I think you will find it harder to fit the mk5 hubs due to changes in wheel bearing size and width, brake disc/caliper combination and style of outer CV joint. 
Keep in mind that although there is less than 2mm of material on the outside of the hub with the M12 bolts, the load is carried through out the bolt hole itself. I ran 17x8 mercedes wheels (heavy) for several years and there are no cracks between the bolt hole and the outer lip of the hub.I still run the these hubs but I have since sold the wheels and now run 5-100 15" corrado speedlines on some grippier tires. The hubs held up to a cammed VR for the last year and a half I ran the 5-112mm wheels.


----------



## MikkiJayne (Jan 1, 2007)

*FV-QR*

Wow. They've certainly been put to the test then!
I guess there is no radial force on the bolts, so no real strain on that 1.4mm of material. The load is tensile, and like you say carried by the rest of the thread.
I must admit it's not something I would have been the first to try, but it obviously does work just fine.
Thanks for the info


----------



## MA_XXX (Apr 10, 2002)

*Re: FV-QR (MikkiJayne)*

i've cut the entire flange from the hub on a lathe and made new flanges... press fit them and TIG welded->remachined and milled the holes for the new bolts... you can make a flange for viper or vette wheels if you really want to. you can also change the offset this way by moving the mating surface one way or the other if necessary. IMHO it's the best way to do it so there aren't any spacers/adapters etc.


----------



## Grabbit (Apr 27, 2001)

*Re: FV-QR (MA_XXX)*


_Quote, originally posted by *MA_XXX* »_i've cut the entire flange from the hub on a lathe and made new flanges... press fit them and TIG welded->remachined and milled the holes for the new bolts... you can make a flange for viper or vette wheels if you really want to. you can also change the offset this way by moving the mating surface one way or the other if necessary. IMHO it's the best way to do it so there aren't any spacers/adapters etc.
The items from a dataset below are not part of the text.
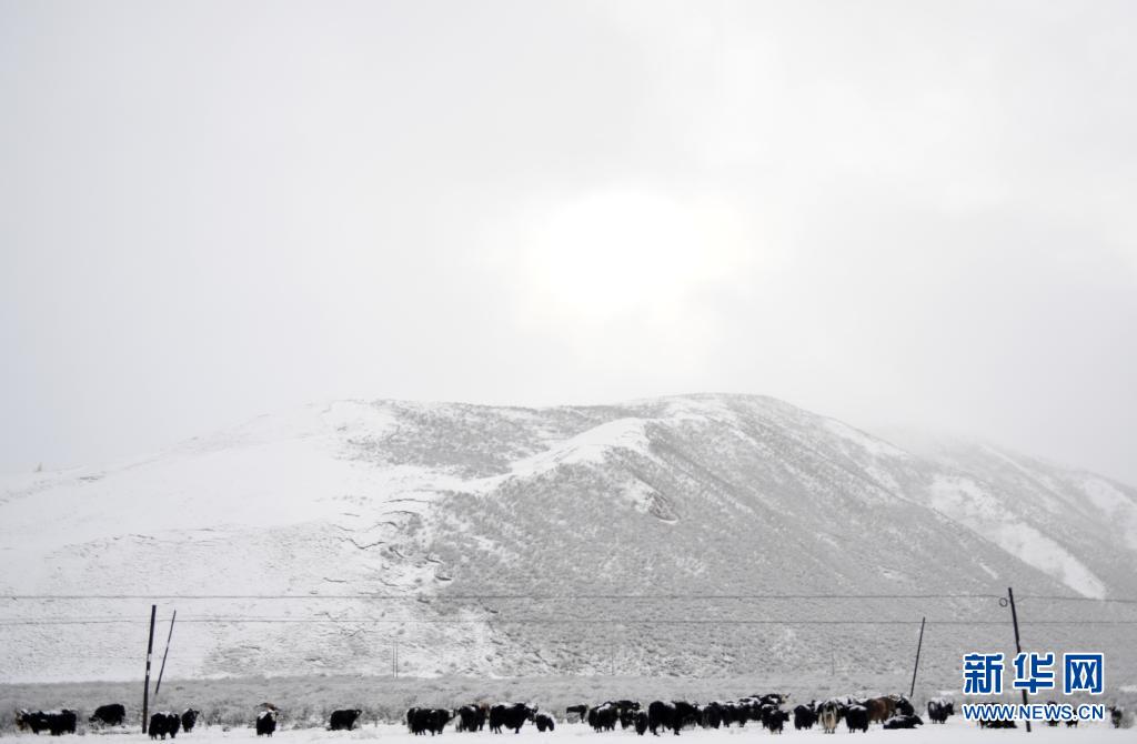 這是4月19日在青海省果洛藏族自治州甘德縣拍攝的牦牛群。新華社記者 張曼怡 攝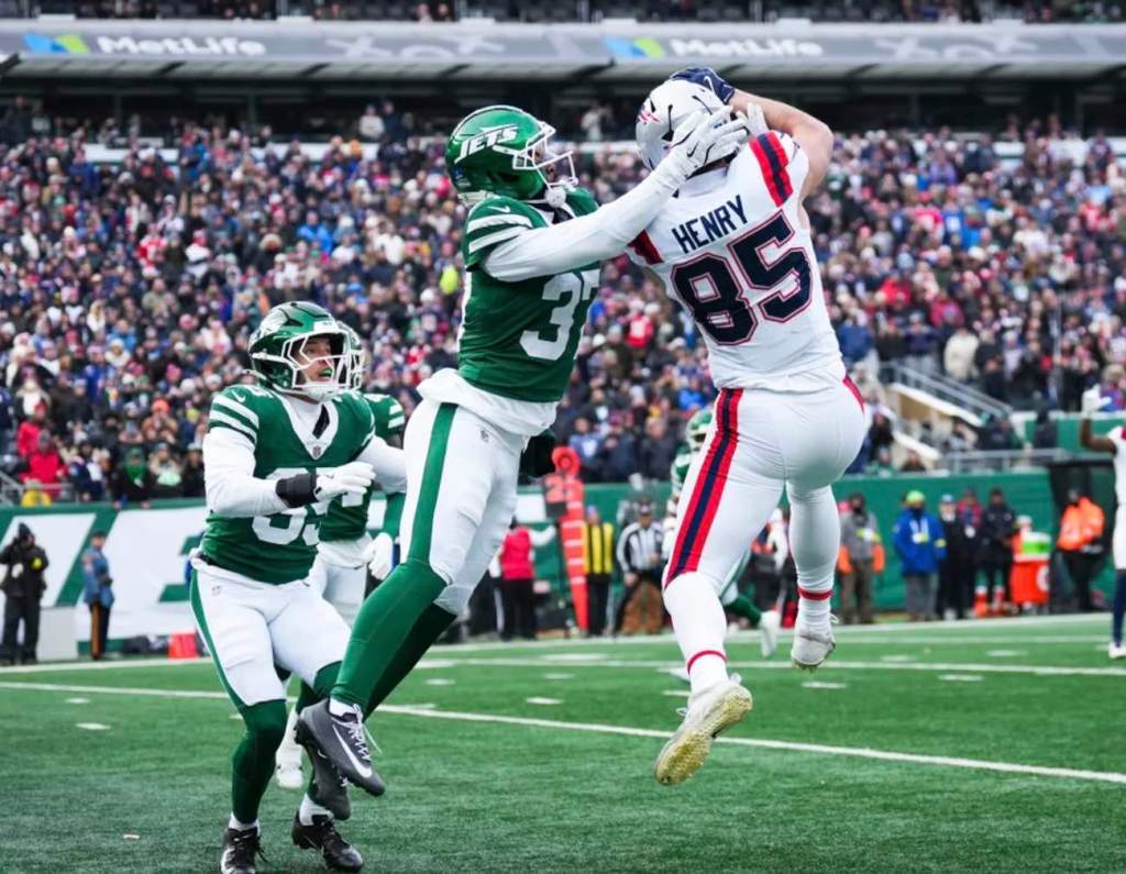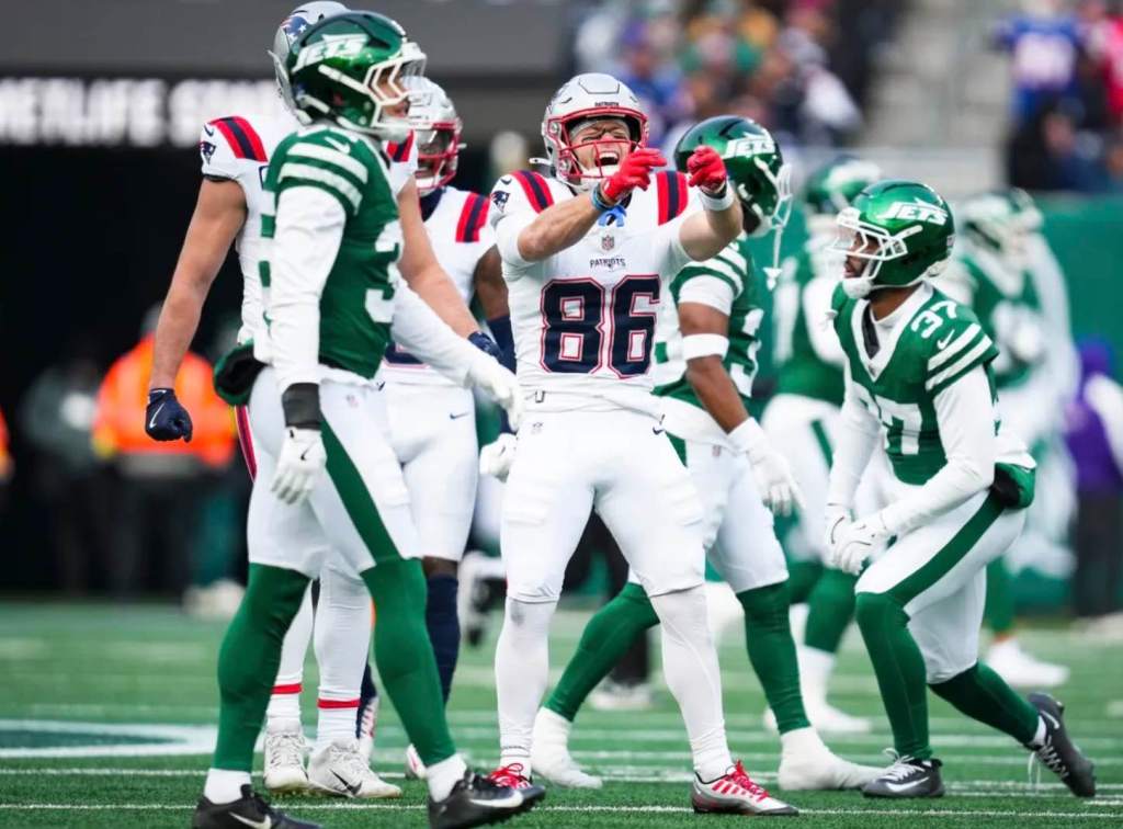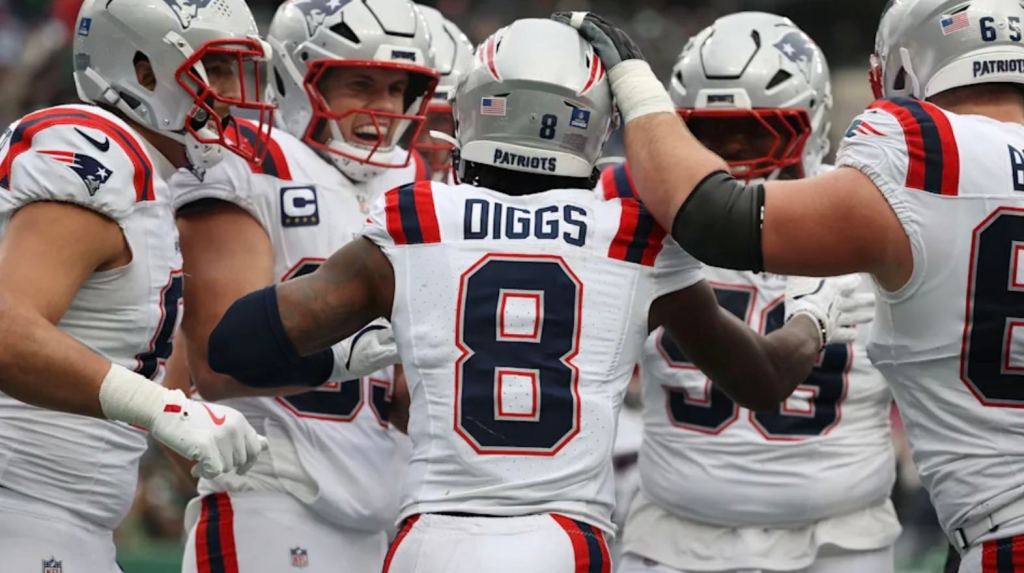 New England Patriots quarterback Drake Maye set a career high throwing five passing touchdowns against the New York Jets in a nearly perfect performance.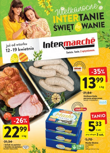 {loadposition linkIntermarche} 'Wielkanocne Intertanie świętowanie' - nowa gazetka promocyjna sieci sklepów Intermarche Polecane promocje z gazetki Intermarche: Kiełbasa biała parzona Nasze Pyszności 1 kg - 13,99 zł. Schab na pętelce Skarby Wędzarni 1 kg - 22,99 zł. Masło ekstra…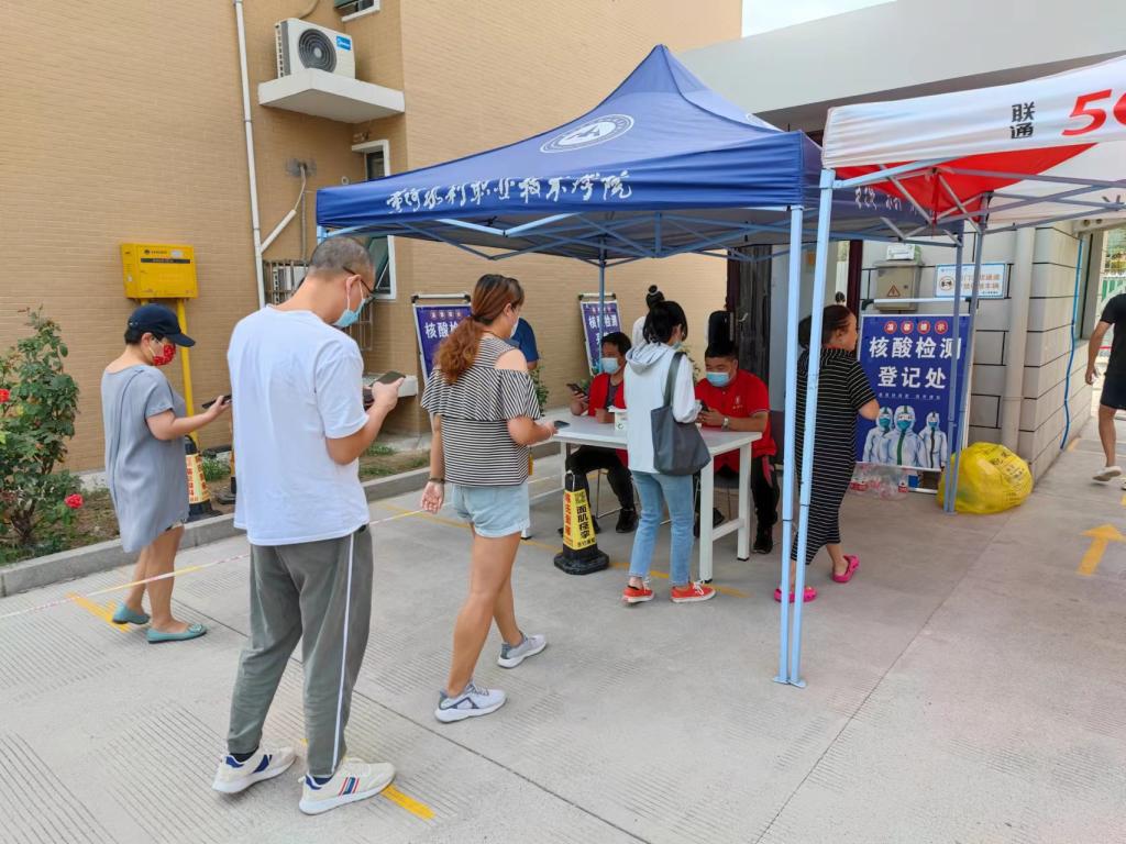 为保障全员核酸检测的顺利进行,后勤志愿者们早餐6点前就来到了核酸检测现场,提前对采样区和等候区的环境进行消杀,设置好遮阳棚、和警戒线等,确保6点核酸检测正式开始。在现场,志愿者们引导待检群众保持2米的安全距离,提醒群众佩戴好口罩、准备好健康码和身份证、引导群众有序排队,帮助老人完成信息采集,为群众答疑解惑等。志愿者们还帮助居住在小区的老人和小孩代领健康码,使老人、小孩可快速参与核酸检测,提高检测效率。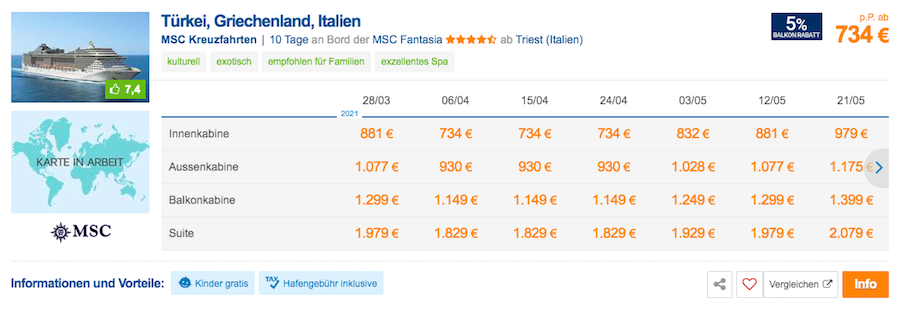 Auch wenn Triest der bevorzugte Einschiffungshafen ist, kann die MSC Fantasia auch mit Ein- und Ausschiffung in Istanbul bzw. Piräus gebucht werden. Sichert euch am besten gleich entsprechende Frühbucherangebote und bucht noch heute eure Sommerkreuzfahrt für 2021!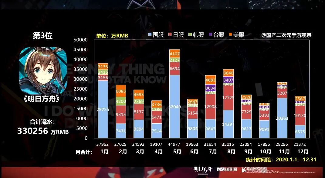 鹰角网络依靠2019年发行的《明日方舟》站稳了脚跟。2020年,《明日方舟》流水达33亿人民币,其中海外市场占比约一半。《明日方舟》同样是一款二次元游戏,腾讯之外,不断有公司依靠二次元打开局面。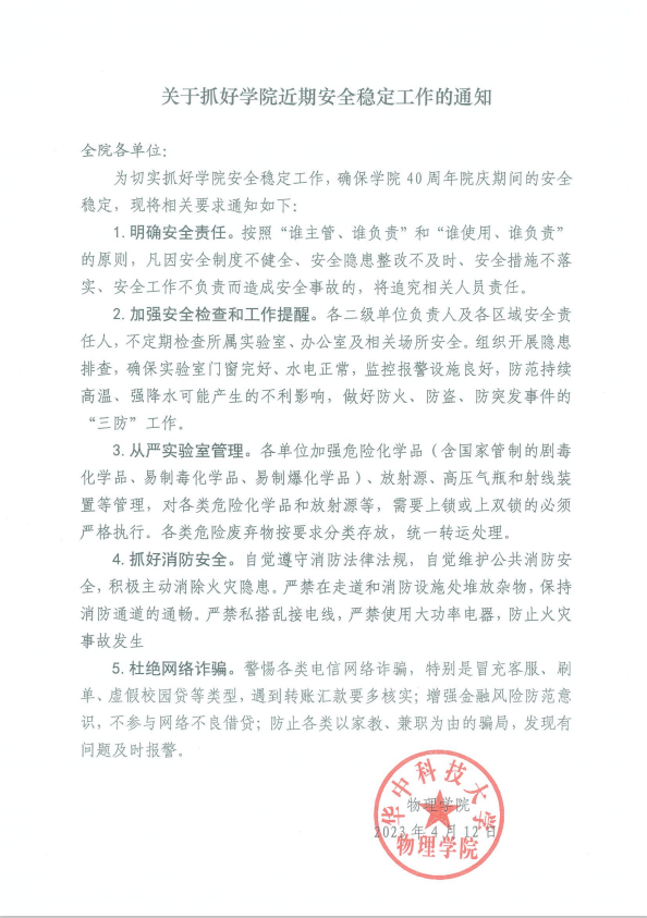关于抓好学院近期安全稳定工作的通知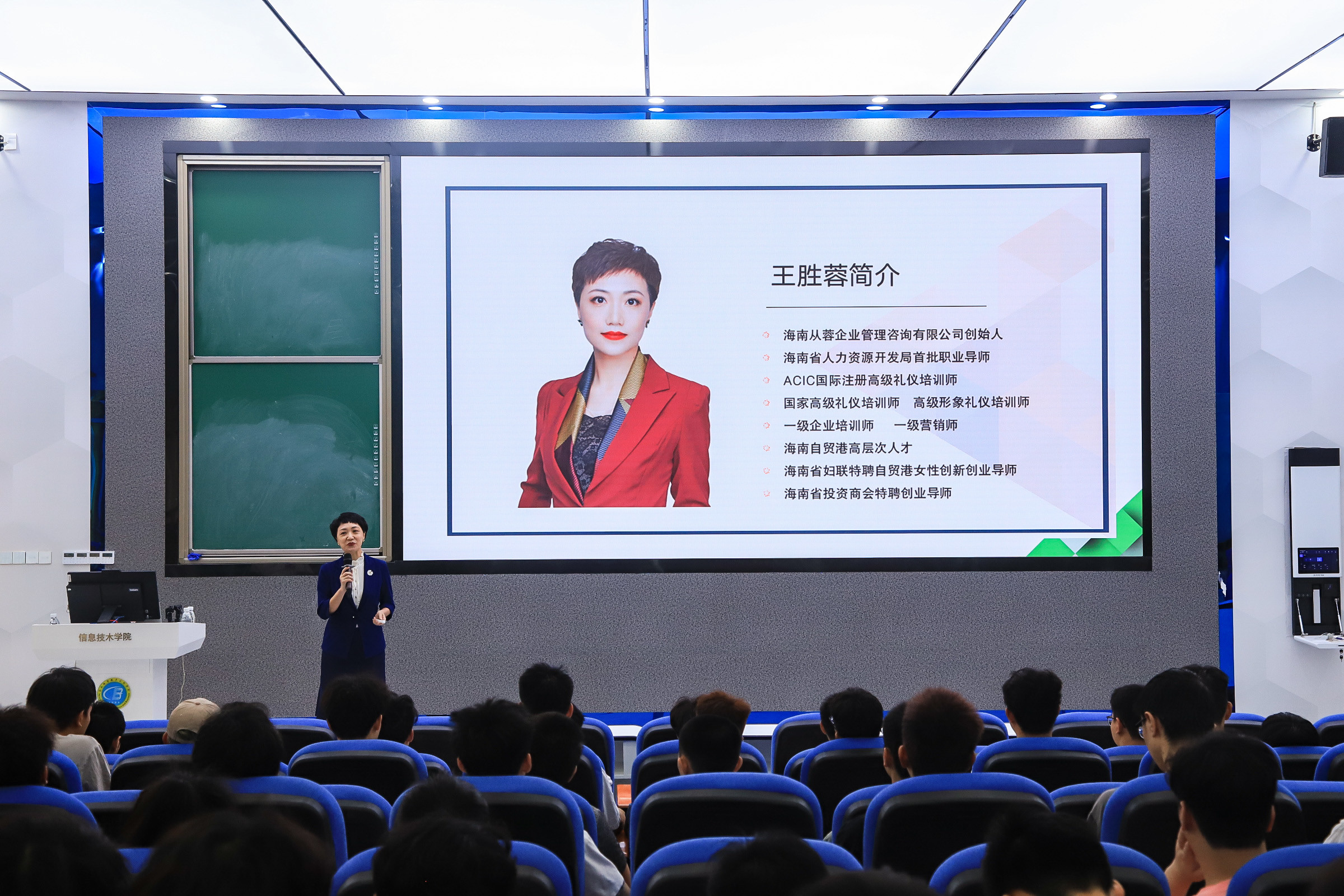 为进一步加强老员工文明素养,培养员工的形象管理能力,帮助大家从容自信地走向工作岗位。4月13日上午,yl1111永利集团在4-215举办“老员工形象管理讲座”。本次讲座由海南从蓉企业管理咨询有限公司创始人、海南省人力资源开发局首批职业导师、ACIC国际注册高级礼仪培训师——王胜蓉老师主讲,辅导员吴淑亲老师主持,共计200名参加讲座。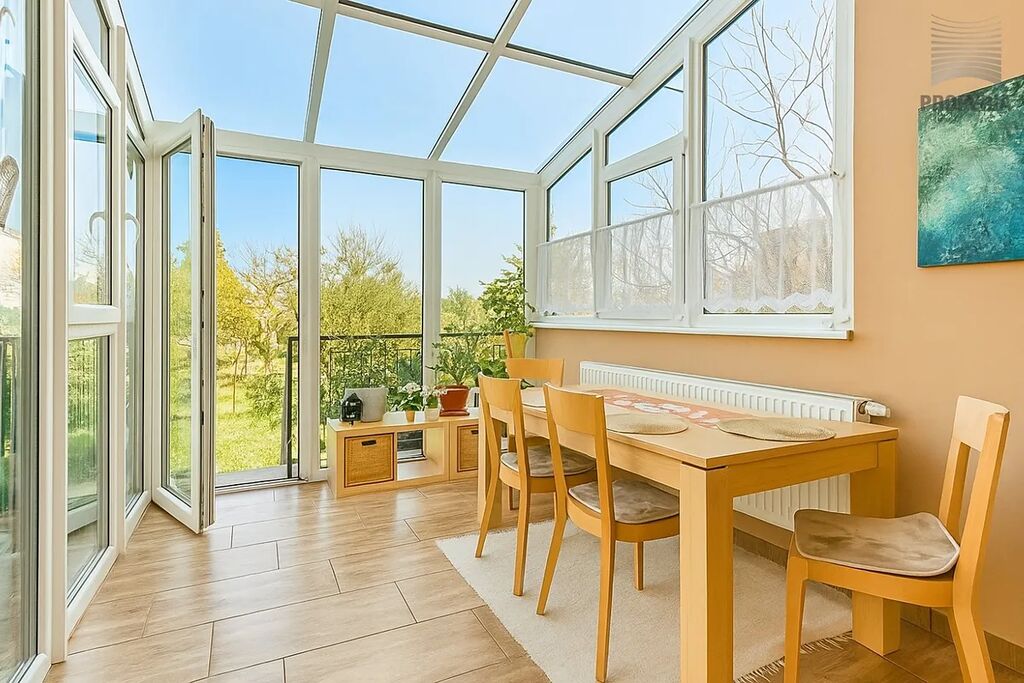 V přízemí se rozprostírá prostorný obývací pokoj s krbem, na který navazuje kuchyňský kout a vytápěná zimní zahrada. Ta krásně propojuje interiér s exteriérem a díky velkoplošnému prosklení přivádí do domu dostatek denního světla. Zimní zahradu oceníte nejen v létě, ale i v chladnějších měsících, kdy vám poskytne příjemné místo k odpočinku.

Alot of work if you dont have the money or resources but I totally agree.


----------



## MikkiJayne (Jan 1, 2007)

*FV-QR*

Thats a pretty spectacular solution!








I did think about cutting a ring out and welding it on the outer edge of the hub so there is a bit more metal around the threads, but if you have to pay for the welding and machining it ends up cheaper to just buy adapters


----------



## ekgotskillzz (Jul 23, 2009)

I own a 93 corrado.....got a set of 5x112 bbs rs....dont wanna run adapters...i figured out just redrill front hubs but what can i do to the rears?...drill the rotors?????....


----------